Introduction

Breast cancer is the most common cancer for New Zealand women and the third most common cancer overall, with around 3500 new cases per year [1]. Approximately 95% of patients diagnosed with breast cancer in New Zealand have stage I–III disease at initial diagnosis [2]. Most of these breast cancer patients will have surgery [3, 4]. Historically, surgical treatment of breast cancer has involved mastectomy, but since the 1980’s, breast conserving surgery (BCS) followed by radiotherapy to prevent local recurrence has been the recommended treatment for early stage breast cancer [3,4,5]. The use of mastectomy, reconstruction after mastectomy, BCS, and adjuvant radiotherapy may vary depending on patient, tumour and health system factors, such as patient’s age, comorbidities, ethnicity, cancer stage and public or private hospital [3, 4].
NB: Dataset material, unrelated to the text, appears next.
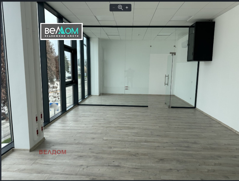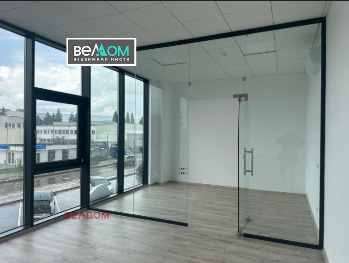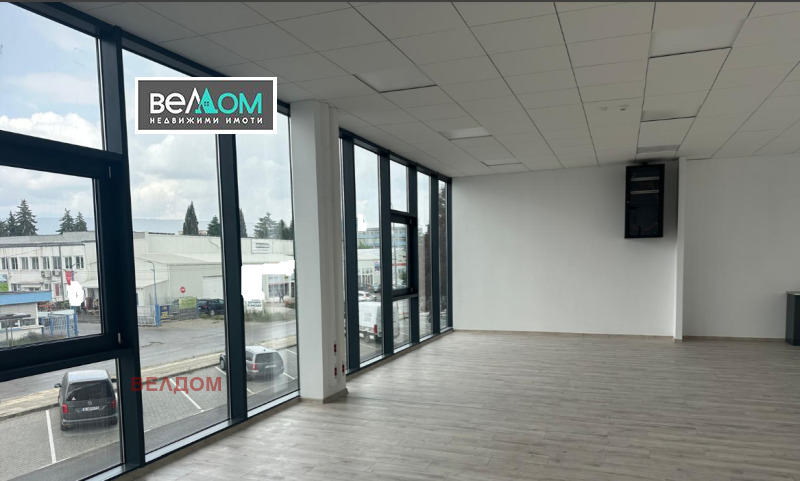 Агенция ВЕЛДОМ дава под наем чисто нови офиси с модерна визия в Западна Промишлена Зона. Разположени на втори етаж над партер с лице към главна улица с постоянен автопоток и паркоместа отпред. Място лесно за обяснение и реклама. Офисите са довършени до ключ, необзаведени (снимките са илюстративни). С различни размери: 60 м2, 90 м2, 160 м2 до 300 м2. Цени: 8 евро/м2. Наем за паркомясто 27 евро/м2. Цените са без данъка. Асансьор.

Diabetes is a significant comorbidity that can affect the treatment of breast cancer [6]. Around 15% of the population will be diagnosed with both diabetes and cancer in their lifetime [7]. There is some evidence that patients with diabetes are less likely to receive aggressive curative treatment for their cancer, and less likely to receive guideline-concordant care than patients without diabetes [8, 9]. A Canadian study showed that women with diabetes were slightly less likely to receive radiotherapy after BCS than women without diabetes, although the differences were no longer apparent after adjustment for other comorbidities [10]. Several factors may explain this phenomena, including clinical concern for treatment toxicity and effectiveness in patients with diabetes [9]. Overseas studies have shown that patients with diabetes had not only worse all-cause mortality than patients without diabetes but also worse breast cancer-specific mortality [11,12,13,14]. Therefore the differences in breast cancer treatment for patients with and without diabetes need to be taken in to account when exploring what factors may impact on breast cancer outcomes.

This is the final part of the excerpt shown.